Sur un champ de bataille urbain, les véhicules et l’infanterie débarquée comptent sur le génie pour mener des opérations de mobilité et de contre-mobilité afin de permettre leurs manœuvres. Il s’agit notamment de remplacer les ponts détruits par des ponts provisoires, d’ouvrir et de nettoyer les champs de mines, d’éliminer les dispositifs explosifs de circonstance (IED), et d’utiliser des bouteurs pour dégager ou déblayer les décombres, afin d’ouvrir les lignes de communication. Les sapeurs de combat se retrouvent ainsi en première ligne, ce qui accroît considérablement les risques pour ces unités précieuses et limitées. Derrière les lignes de front, les unités du génie construction sont chargées d’aider à reconstruire les infrastructures détruites, en particulier les lignes de communication, y compris les routes et les ponts qui ont été endommagés, en ruines ou entièrement détruits. 

Incendies – Les défis posés par les villes modernes, qui ne cessent de s’étendre verticalement, posent des problèmes aux composantes de soutien d’une force interarmes. Les villes où les bâtiments sont hauts et disposés en quadrillé créent de longs canyons urbains. Souvent, ces canyons sont trop abrupts pour permettre aux canons et à l’artillerie de roquettes à trajectoire peu profonde de viser avec précision des entités dans la rue sans risquer de causer des dommages collatéraux aux bâtiments situés le long de la trajectoire du projectile.Note de bas de page 28  Cette contrainte oblige les éléments de manœuvre à s’appuyer principalement sur des systèmes de tir indirect à angle élevé, tels que les mortiers, ou sur des munitions à guidage de précision coûteuses, telles que l’obus « Excalibur », qui peut être tiré au-dessus des bâtiments dans des rues étroites sans toucher une structure.Note de bas de page 29  Le terrain urbain nuit aussi considérablement aux capacités d’appui aérien rapproché. Entre les bâtiments élevés, les couloirs aériens pour les aéronefs d’appui rapproché sont étroits, ce qui crée des zones d’abattage aérien pour les armes antiaériennes tirées à l’épaule et bien positionnées. Les appareils à voilure tournante se déplaçant à basse altitude doivent naviguer dans des canyons urbains parsemés de câbles, de fils et d’autres détritus civils qui peuvent faciliter l’écrasement d’un hélicoptère. Les distances d’engagement dans une guerre urbaine sont historiquement inférieures à 50 mètres, ce qui laisse peu de place à un hélicoptère de combat Apache ou à un obus de mortier de 81 mm.Note de bas de page 30  Même la visibilité des forces terrestres est considérablement limitée par les bâtiments, ce qui crée un risque extrême de fratricide et de dommages collatéraux. 

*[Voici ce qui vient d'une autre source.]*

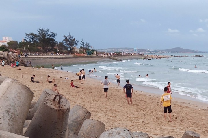 16h30, một số nhóm thanh niên địa phương mang bóng ra chơi trên bãi cát. Sau đó chừng nửa giờ, bãi biển đông thêm bất thường so với những ngày trước đó. Không những người lớn mà cả trẻ em cũng theo cha mẹ ra đây. “Hôm nay cuối tuần, trời nóng nực quá, cả nhà chở nhau ra tắm cho mát”, anh Xuân nói.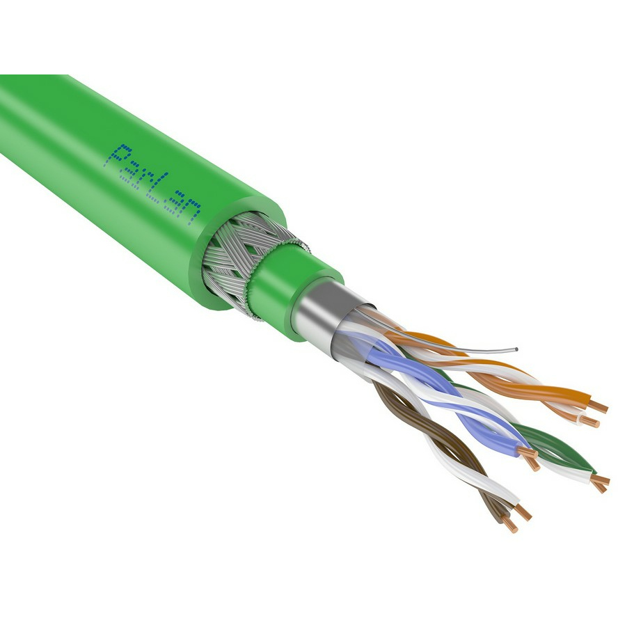 Кабель симметричный парной скрутки в экране из алюмополимерной ленты, в огнестойкой оболочке из низкотоксичного ПВХ пластиката пониженной пожарной опасности с низким дымо- и газовыделением, не распространяющего горение при групповой прокладке по категории А, в защитном шланге из низкотоксичного ПВХ пластиката пониженной пожарной опасности с низким дымо- и газовыделением, cat5e, 2х2х0.52, t-раб.-40…+70°С

Structures physiques – Les structures physiques des milieux urbains, et en particulier les bâtiments, présentent une grande diversité. Certains sont construits dans un esprit de luxe et de style caractérisés par des fenêtres en verre qui se transforment en une pluie d’éclats à la première explosion dans un rayon de cinq îlots. D’autres bâtiments comprennent des centres municipaux et financiers robustes, construits avec du béton et de l’acier. Notamment, même une maçonnerie et des planches de mauvaise qualité peuvent dévier, faire éclater ou arrêter complètement les systèmes d’armement de tir direct. Les bâtiments les plus récents et les plus modernes sont équipés de mesures de sécurité avancées conçues pour les protéger contre les criminels, et peuvent devenir des obstacles dangereux ou des mesures utiles dans un combat urbain. Ces dispositifs peuvent comprendre des portes et des murs métalliques renforcés, des systèmes de caméras perfectionnés, des écrans et des barrières dans de nombreux bâtiments. Pour un défenseur compétent, ils peuvent facilement être incorporés dans la défense d’un bâtiment. Compte tenu de leur sécurité interne, ces bâtiments peuvent devenir des points forts pour une défense en profondeur coordonnée. Plusieurs cibles renforcées choisies stratégiquement, équipées d’une grande puissance de feu et parsemées d’obstacles, peuvent arrêter un attaquant dans son élan. Par exemple, lors de la bataille de Stalingrad (du 23 août 1942 au 2 février 1943), des soldats soviétiques ont résisté pendant plus de 60 jours à l’intérieur d’un seul bâtiment fortifié.Note de bas de page 31    Des trous de manœuvre internes peuvent être creusés dans les murs, facilitant les déplacements d’une pièce à l’autre, et des tunnels souterrains permettent le stockage d’armes et de caches de munitions, un réapprovisionnement efficace et la rotation des soldats épuisés. L’État islamique a largement utilisé ces deux tactiques lors de la bataille de Mossoul en Iraq (du 16 octobre 2016 au 20 juillet 2017), s’appuyant sur des tunnels creusés entre les sous-sols pour manœuvrer sous des îlots entiers sans être repéré par les systèmes de surveillance aéroportés de la coalition.Note de bas de page 32  Dans la bande de Gaza, le Hamas a utilisé le réseau de tunnels souterrains à des fins similaires.  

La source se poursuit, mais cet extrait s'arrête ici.